Но сейчас же десерты амазонского змея Анаконды перестали занимать Олега Сергеевича Дударева. Он взял Шеврикуку под руку и по-приятельски увлек его на прогулку по улице Королева в направлении Останкинской башни. И заговорил секретным шепотом в старании, чтобы его не услышали ни земляки-пешеходы, ни Отродья Башни, ни крепыш Дубовое Полено, занятый у штурвала чтением мужской газеты с картинами услаждений.

– А потом, Игорь Константинович, – доверял Шеврикуке Дударев, – случится попросить вас настелить паркет где-нибудь на острове вроде Канар, Флорида хороша, но уж больно далека, в домике махоньком о двух покоях и трех спальнях, с павлиньим пением во дворе. И чтоб в приятных помещениях на видных местах фамильный герб был выложен. С вензелями О. Д. Герб цветной с вензелями вы выложить сможете?

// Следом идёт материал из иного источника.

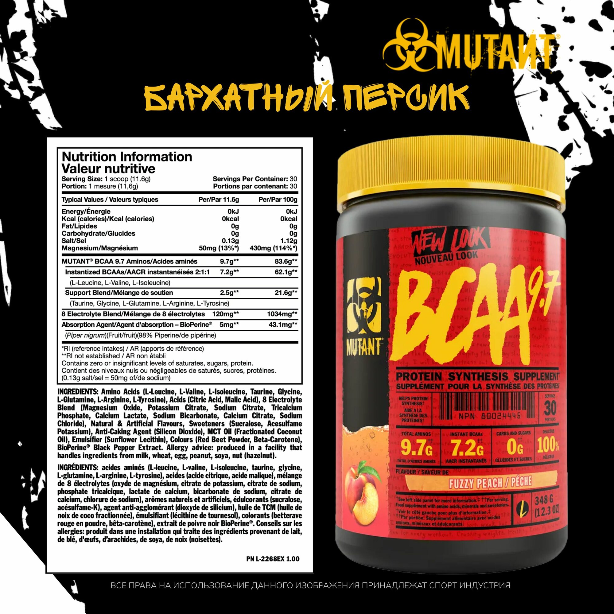 Купить Аминокислоты BCAA Mutant ВСАА 9.7 с электролитами 348 грамм, Бархатный персик с доставкой по всей России. Аминокислоты BCAA Mutant ВСАА 9.7 с электролитами 348 грамм, Бархатный персик: сравнение цен, характеристики, фото, актуальное наличие и цены.
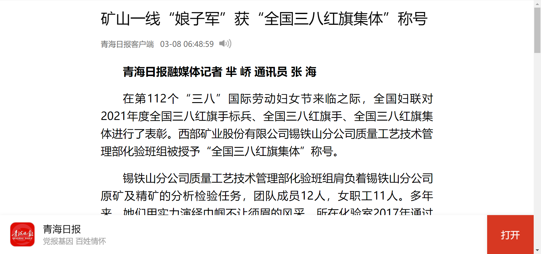 青海日报融媒体记者 芈 峤 通讯员 张 海 在第112个“三八”国际劳动妇女节来临之际,全国妇联对2021年度全国三八红旗手标兵、全国三八红旗手、全国三八红旗集体进行了表彰。西部矿业股份有限公司锡铁山分公司质量工艺技术管理部化验班组被授予“全国三八红旗集体”称号。
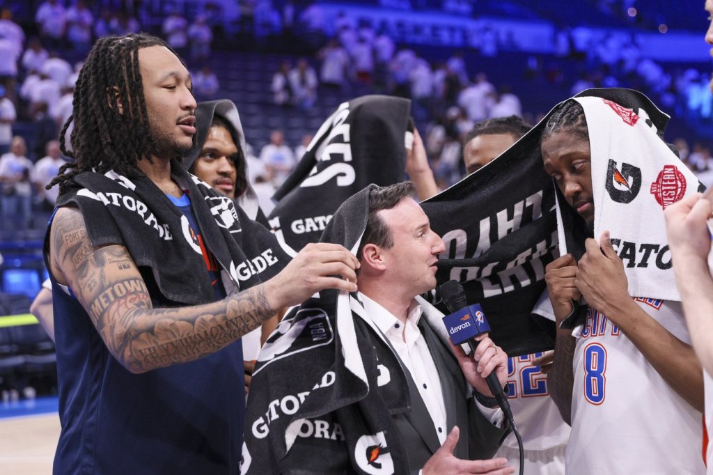 They’ve come out with T-shirts bearing his name and likeness. They’ve made him bark like a dog before they’ll let him sign off. They come up behind him when he’s talking and dust off his shoulders. They stacked so many towels on his head, neck and shoulders during one interview that NBA MVP Shai Gilgeous-Alexander finally had to intervene.
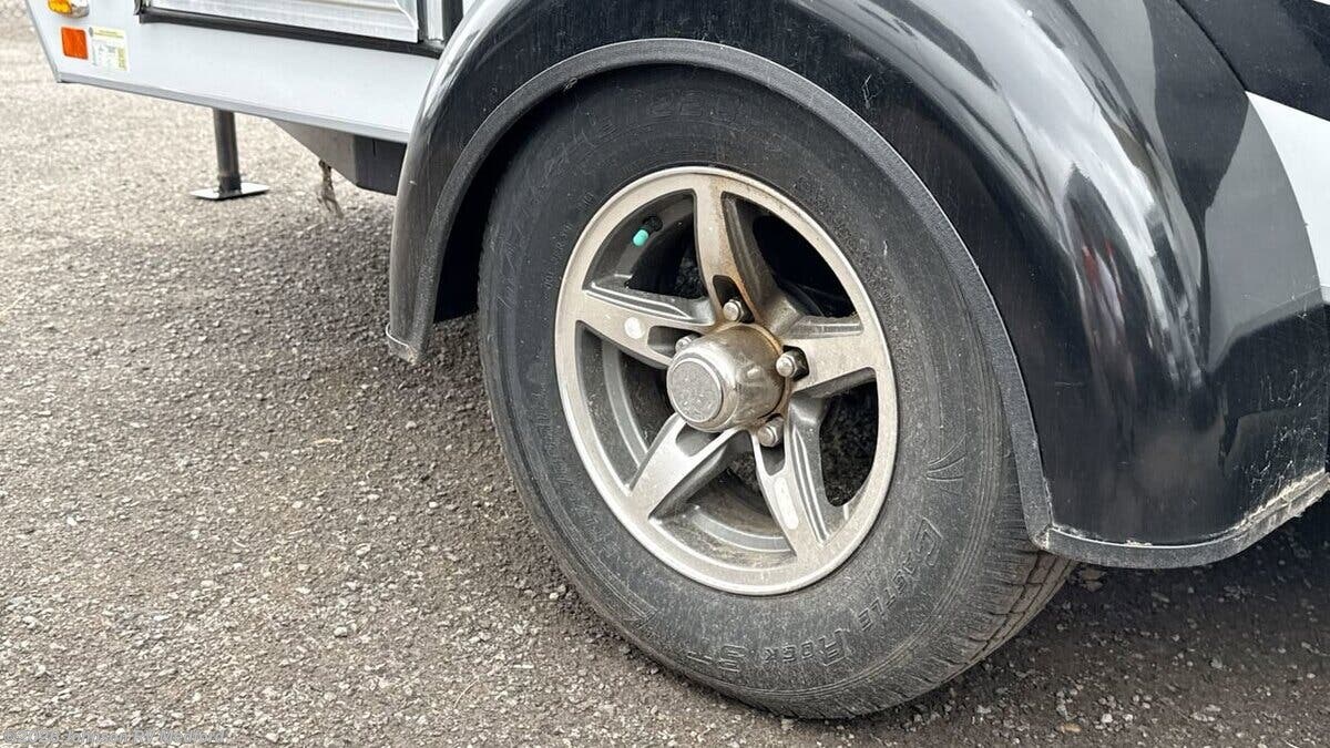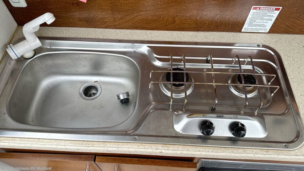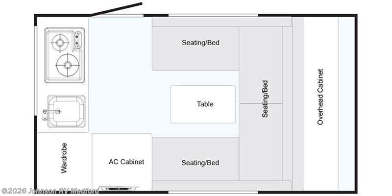 Features Include: Fantastic Fan, Dinette Table (vbm), Stainless Steel Sink, Refrigerator, Aluminum Framed, Composite Sidewalls, Fiberglass Exterior, Custom Alloy Wheels, Lit Entry Handle, Upscale Cabinetry, White Countertops, Pitched Axle, Yakima Roof Rack, Cargo Basket, Spare Tire, Marmoleum Flooring, Solid Gray Cushions, Cargo Netting
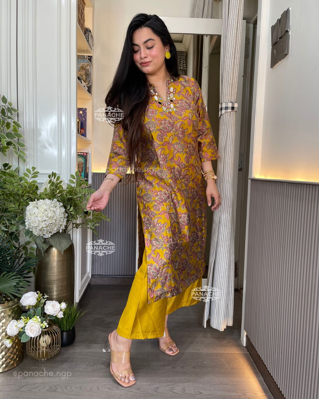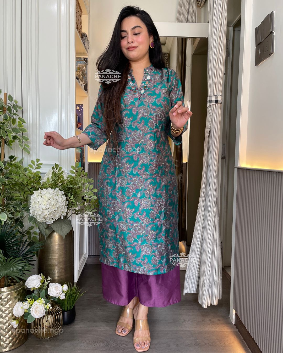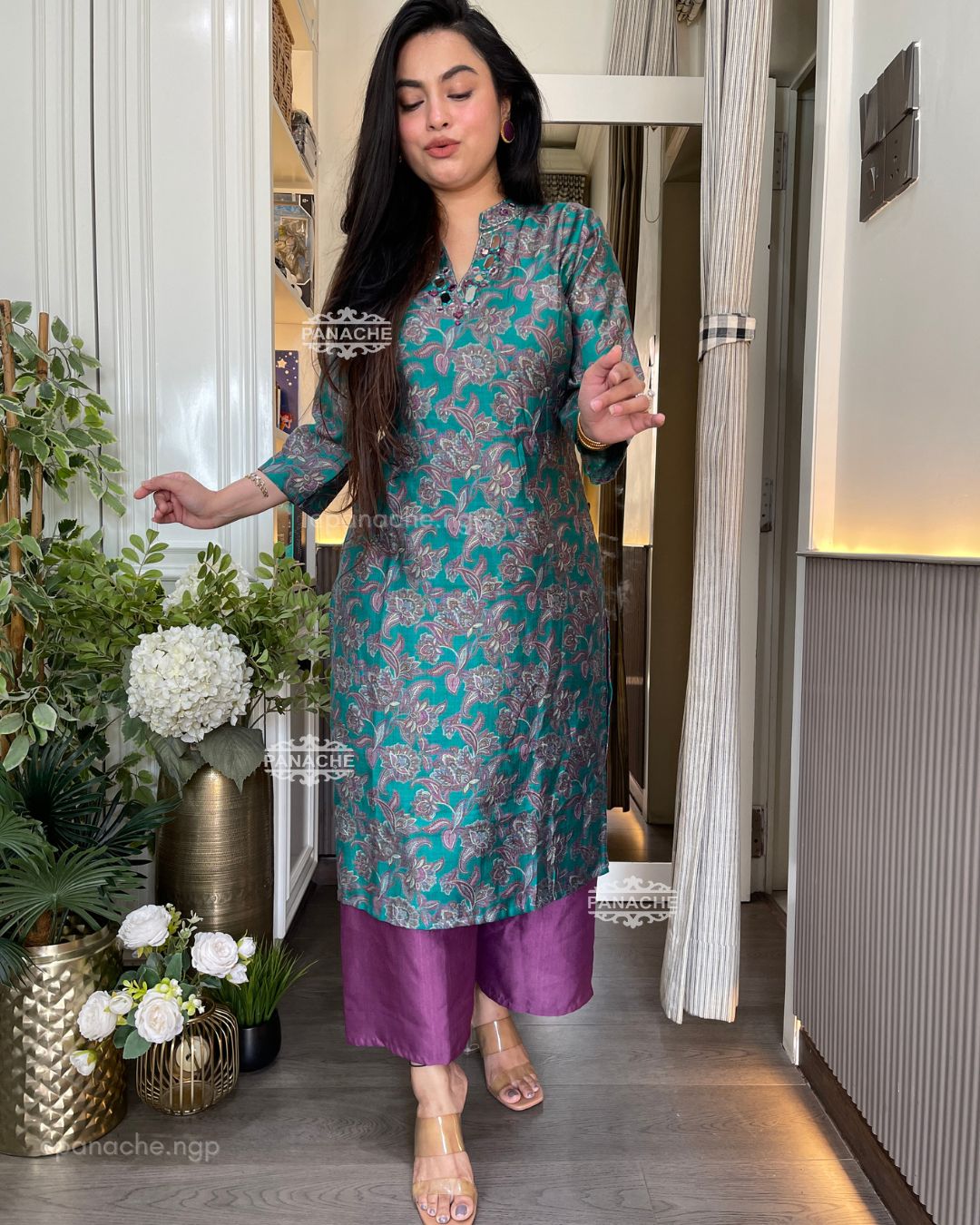 🟣 Beautiful printed coords with real mirror work neckline and plaso style teamed with button earrings (Complimentary with the outfit)

– Смогу, – вздохнул Шеврикука.

– Ну и чудесно, – заулыбался Дударев. – Только это все между нами. Тсс-с! Никому ни словечка, прошу вас. В особенности этому горлопану и бездельнику Крейсеру Грозному. Он и наврет в сто коробов!

– А привидений из Москвы в тот махонький домик вы не выпишете? – спросил Шеврикука.

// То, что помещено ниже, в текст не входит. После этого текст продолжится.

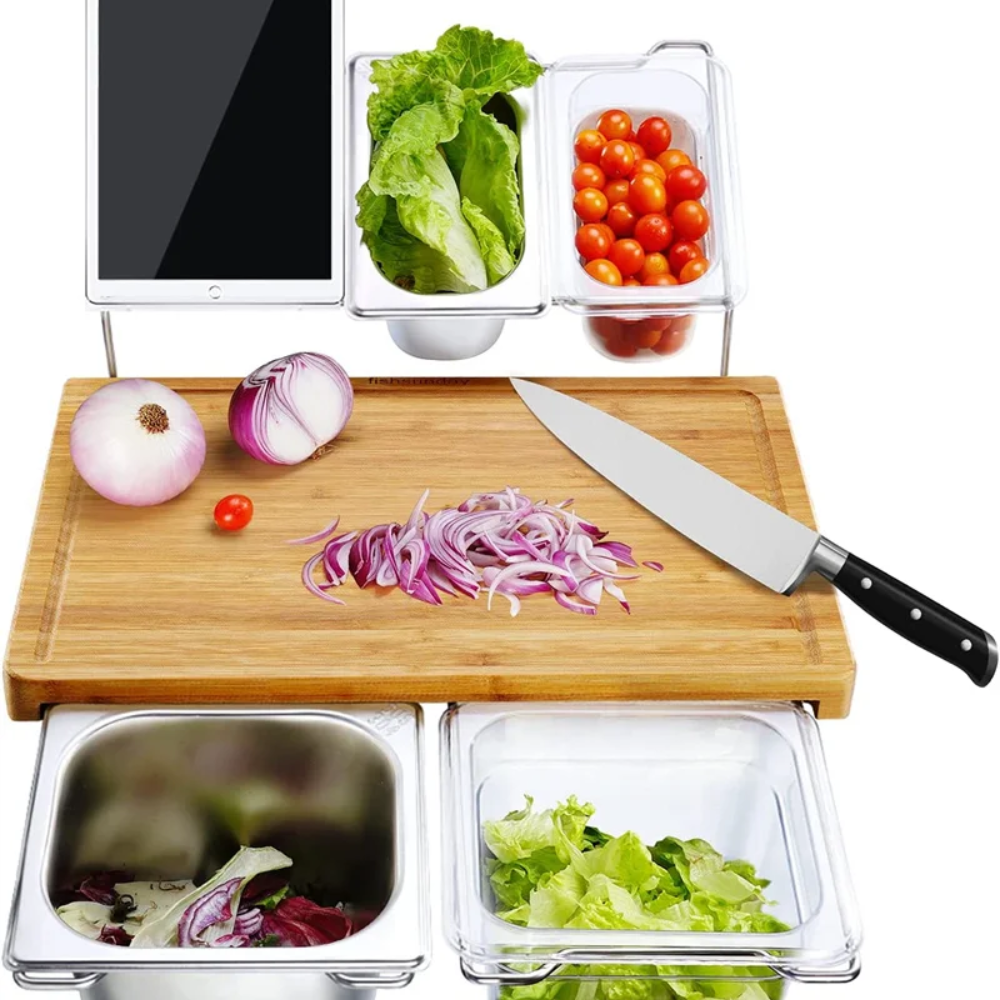Prepmate™: Das Bambus-Schneidebrett mit integrierten Edelstahl-Schalen
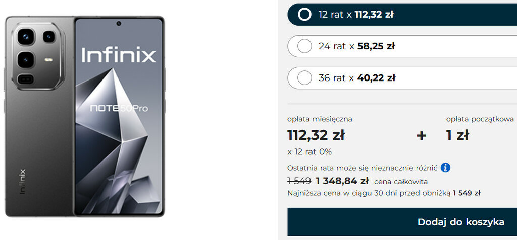 Jak na ironię, mimo całkiem sporej przeceny możesz znaleźć Infinixa Note 50 Pro z pamięcią 8/256 GB w jeszcze niższej cenie, bo od ~1098 złotych. Jeśli jednak zależy Ci na ratach, oferta Plusa/Plusha będzie jak najbardziej OK.
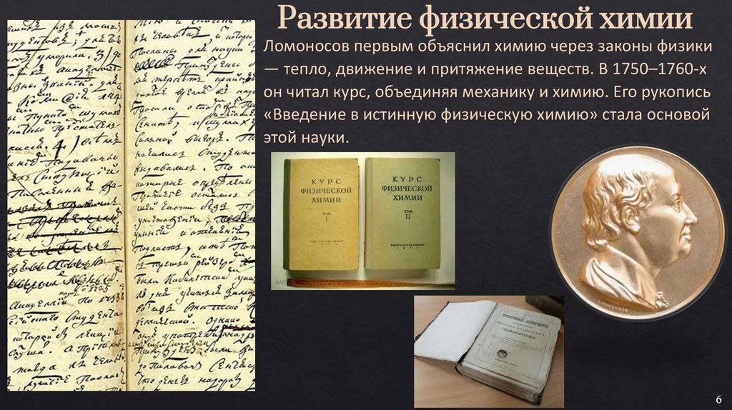 Развитие физической химииЛомоносов первым объяснил химию через законы физики
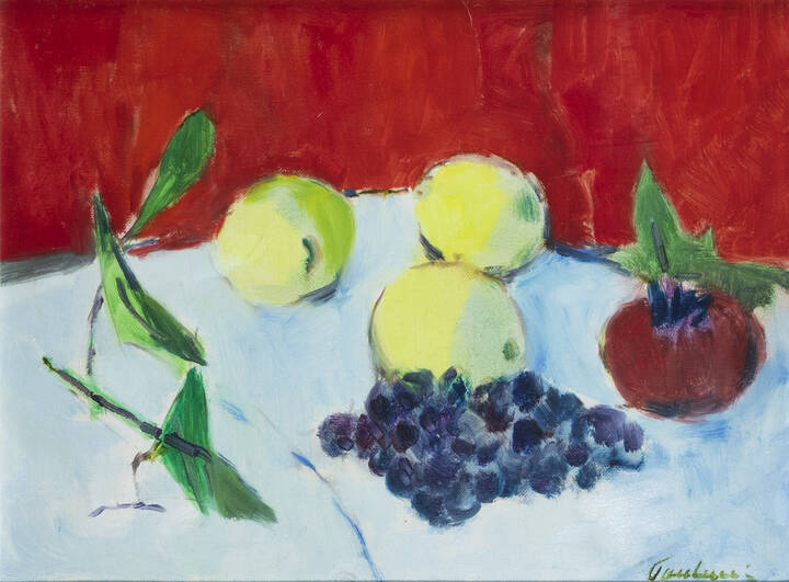 ENRICO PAULUCCI<BR>Genova 1901 - 1999 Torino<BR>"Natura morta su fondo rosso"
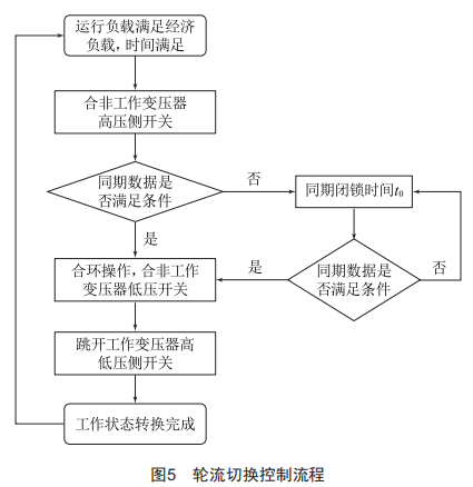 動作過程如下:在充電狀態(tài)下,當(dāng)工作變壓器持續(xù)工作滿足變壓器輪換時(shí)間,并且工作變壓器負(fù)載始終小于經(jīng)濟(jì)運(yùn)行負(fù)載后,啟動變壓器輪流運(yùn)行。具體動作流程如圖5所示。

– Если заскучаем, то и выпишем. Отчего же и не выписать?

– Монплезир… Монкураж… Но ведь им тоже, наверное, потребуются заграничные паспорта, – предположил Шеврикука.

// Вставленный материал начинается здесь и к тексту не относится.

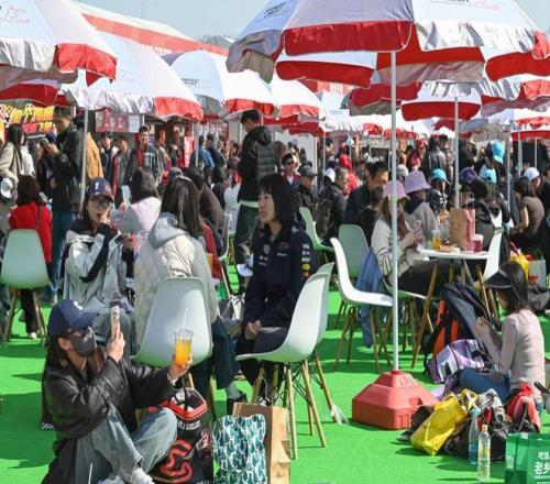 2026年3月13日,如潮般的游客在上賽場外的汽車文化節(jié)場地享受美食,等待下午F1賽開始。
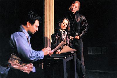 Description | Mark Antony (Tom Anastasios), Octavius Caesar (Barbie Cooke) and Lepidus (Bonnie Gray) discuss which Senators should die. Photographer: Kathy Plamondon, April 2000. |
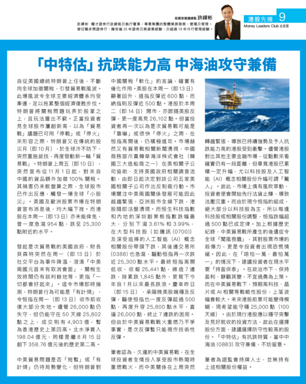 筆者認為,久違的中美貿易戰,在全球投資者全情投入享受股市熱鬧時重燃戰火,而中美關係在上周突然轉趨緊張,導致已持續強勢及予人抗跌能力高的港股受到衝擊。儘管港股對比其他主要金融市場,從點數來看確實仍有一段距離,但畢竟港股已累積一定升幅,尤以科技股及人工智能(AI)概念相關股份升幅可謂「驚人」。故此,市場上偶有風吹草動,投資者便會開始先行沽貨止賺,導致沽壓沉重。而由於現今恒指的組成,絕大部分以科技股為主,所以每逢科技股或相關股份調整,恒指跌幅超過500點已成定律。加上根據歷史紀錄,中美貿易戰所產生的後遺症令全球「聞風喪膽」,其對股票市場的殺傷力,更是令投資者出現恐慌情緒。因此,在「唔怕一萬,最怕萬一」的情況下,建議投資者在現水平要「持盈保泰」。在政治市下,保持盈利、靜觀其變,不宜過勇為上策。而在中美貿易戰下,預期高科技、晶片或AI相關等戰略性股份,上落波幅會較大。未來港股前景可能變得模糊,現希望能守穩25,000點(100天線)。由於現行港股應以穩守突擊及見好就收的投資方法,故此在選擇股份方面,建議選擇防守性較高的股份。「中特估」有抗跌特質,當中中海油(0883)攻守兼備,不妨留意。
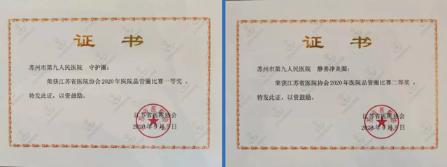 在去年9月4日的江苏省第四届医院品管圈大赛中,苏州九院护理圈组“守护圈”、“静善静炎圈”分别荣获一等奖、二等奖。在同年底举行的第八届全国医院品管圈大赛上,苏州九院护理部“静善净炎圈”获得三级医院综合专场—A圈组一等奖、“守护圈”获得三级医院护理专场—A圈组优秀奖。
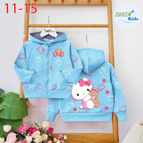 A453739 - Áo khoác Kitty in phun trước sau chất Da cá coton 4c bo tay và lai đặt dệt_Size 11-15

– Какие проблемы! – махнул рукой Дударев. Но тут же и спохватился: – Кому паспорта? Привидениям? Мы их провезем как сувениры. Впрочем, все выясним. Это ведь не сейчас. Это ведь и не послезавтра. Это ведь к зиме… А теперь уж, с вашего милостивого разрешения, Игорь Константинович, повернем к моей колымаге. Меня небось заждались.

И они повернули к колымаге.

А через полчаса возле входа на Выставку Достижений Шеврикука повстречал сановного домового из Китай-города Концебалова-Брожило, в грядущем – Блистония, всадника и оптимата.

Как и в прошлое посещение Останкина, Концебалова опять украшала оранжевая роба ремонтника дорожных покрытий, но на этот раз ступни его от беспокойств и колющих мелочей земной поверхности отделяли не изделия массовой культуры на манер кроссовок «Трейнинг», а пахнущие животным миром римские сандалии дорогой кожи.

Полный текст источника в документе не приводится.